What needs to be done |
In the records below, the relevant part opens with the line containing "公司于2001年通過IS90" and closes with the line containing "a local eatery, with"; print that part exactly and only, without its pictures.

Given data |
########

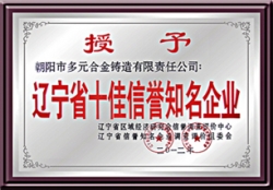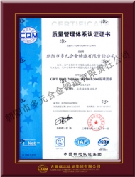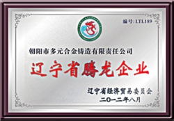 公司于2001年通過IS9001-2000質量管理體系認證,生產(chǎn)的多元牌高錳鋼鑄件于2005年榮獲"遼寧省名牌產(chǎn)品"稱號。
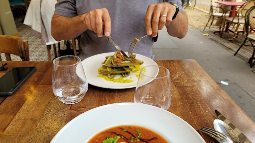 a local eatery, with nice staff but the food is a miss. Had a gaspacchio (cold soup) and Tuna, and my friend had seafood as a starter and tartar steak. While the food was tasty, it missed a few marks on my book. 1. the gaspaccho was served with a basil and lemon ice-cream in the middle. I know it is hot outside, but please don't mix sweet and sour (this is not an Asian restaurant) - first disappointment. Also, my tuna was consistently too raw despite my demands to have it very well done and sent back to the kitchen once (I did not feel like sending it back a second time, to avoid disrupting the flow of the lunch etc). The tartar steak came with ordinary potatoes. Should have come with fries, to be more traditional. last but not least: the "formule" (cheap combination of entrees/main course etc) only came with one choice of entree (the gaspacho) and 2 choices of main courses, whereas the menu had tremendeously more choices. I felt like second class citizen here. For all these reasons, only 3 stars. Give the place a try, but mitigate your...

########

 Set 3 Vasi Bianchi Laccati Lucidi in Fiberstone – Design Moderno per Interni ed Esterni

########

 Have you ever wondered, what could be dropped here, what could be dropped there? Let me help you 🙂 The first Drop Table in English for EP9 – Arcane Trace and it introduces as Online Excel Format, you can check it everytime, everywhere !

########

Result of this task |
 公司于2001年通過IS9001-2000質量管理體系認證,生產(chǎn)的多元牌高錳鋼鑄件于2005年榮獲"遼寧省名牌產(chǎn)品"稱號。
 a local eatery, with nice staff but the food is a miss. Had a gaspacchio (cold soup) and Tuna, and my friend had seafood as a starter and tartar steak. While the food was tasty, it missed a few marks on my book. 1. the gaspaccho was served with a basil and lemon ice-cream in the middle. I know it is hot outside, but please don't mix sweet and sour (this is not an Asian restaurant) - first disappointment. Also, my tuna was consistently too raw despite my demands to have it very well done and sent back to the kitchen once (I did not feel like sending it back a second time, to avoid disrupting the flow of the lunch etc). The tartar steak came with ordinary potatoes. Should have come with fries, to be more traditional. last but not least: the "formule" (cheap combination of entrees/main course etc) only came with one choice of entree (the gaspacho) and 2 choices of main courses, whereas the menu had tremendeously more choices. I felt like second class citizen here. For all these reasons, only 3 stars. Give the place a try, but mitigate your...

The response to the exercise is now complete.